MENGENAL DUNIA PESANTREN
Sejarah munculnya pesantren oleh beberapa ahli dikatakan dimulai seiring dengan datangnya Islam ke Indonesia, tepatnya di daerah Aceh, sementara pendapat lain menyebutkan bahwa pesantren muncul pertama kali di Jawa dibawa oleh syeikh Maulana Malik Ibrahim , tepatnya di desa Gapura, Gresik, Jawa Timur. Dan tokoh yang paling dianggap berhasil mengembangkan dan mendidik generasi ulama pasa saat itu adalah Sunan Ampel yang mendirikan pesantren di Kembang Kuning, Surabaya.
Hingga saat ini pendidikan pesantren telah mengalami perubahan dan dinamika yang sangat cepat seiring dengan perubahan dan perkembangan zaman, sehingga corak dan warnanya juga beraneka-ragam antara satu dengan yang lain.
Konon, nama pesantren berkaitan dengan istilah shastri dari bahasa India yang berarti orang-orang yang memahami kitab-kitab suci agama Hindu, atau pakar kitab suci Hindu (Arifin, 1992:3, lihat pula Geert, 1960:78).
Pesantren merupakan lembaga pendidikan Islam yang dilaksanakan dengan sistem asrama (pondok) dengan kiai sebagai figur utama dan masjid sebagai pusat aktivitasnya.
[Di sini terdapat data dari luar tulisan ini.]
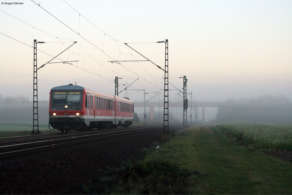 628 655 im morgendlichen Frühnebel auf dem Weg nach Karlsruhe Hbf. Aufgenommen am 09.11.2012 bei Graben-Neudorf.

Seperti yang dikatakan oleh Raharjo (1985), bahwa pesantren sejak awal pertumbuhannya memiliki bentuk yang berbeda-beda antara satu dengan yang lain, sehingga tidak ada standarisasi yang berlaku bagi semua pesantren. Namun begitu, dalam proses pertumbuhan dan perkembangannya pesantren memiliki pola umum atau elemen umum yang menjadi ciri khasnya misalnya adanya: kiai, masjid, santri dan tempat tinggal santri (asrama), serta pengajian kitab kuning.
Disamping itu ada beberapa karakteristik pesantren yang secara umum meliputi: a). tidak ada batas umur bagi seseorang untuk nyantri (belajar di pesantren), b). tidak ada batas waktu dalam pendidikan (life long education), c). tidak ada ikatan (bebas) untuk memilih pengajian kitab sesuai yang diinginkan. Disamping itu secara umum ada pola yang sama dalam sebuah pesantren, yaitu, dari segi fisik yang terdiri dari empat komponen pokok yang selalu ada dalam setiap pesantren, misalnya: 1. kiai sebagai pimpinan, pendidik dan tokoh panutan, 2. santri sebagai peserta didik atau siswa, 3. masjid sebagai tempat berjama’ah shalat dan kegiatan belajar-mengajar, 4. pondok sebagai tempat tinggal santri. Sedangkan dari segi non-fisik, yaitu pengajian yang disampaikan dengan berbagai metode yang secara umum memiliki keragaman, meski tidak mendasar sifatnya.
Pada awalnya pesantren merupakan lembaga pendidikan dan pengajaran agama Islam yang diselenggarakan dengan cara non-klasikal, dimana seorang kiai mengajar para santrinya berdasarkan kitab-kitab yang ditulis dengan bahasa Arab tanpa harakat —yang sering disebut dengan kitab gundul– oleh para ulama’ abad pertengahan (antara abad 12-16) yang menggunakan tempat di rumah kiai, masjid, atau teras asrama. Pesantren demikian ini sering disebut dengan pesantren salaf, tradisional. Sebutan pesantren tradisional terkait dengan sistem pembelajaran dan kurikulum. Pesantren disebut salaf, tradisional biasanya dikaitkan dengan antara lain: metode pembelajarannya yang khas pesantren murni, kurikulumnya yang tidak mengadopsi kurikulum sekolah, dan aturan lain yang terkait dengan ketertutupan terhadap modernisasi, misalnya: santri dilarang membaca koran, majalah, memutar radio/tape, melihat Televisi dst. Sementara pesantren modern dikaitakan dengan keterbukaannya dengan sistem pendidikan dan manajemen sekolah yang modern.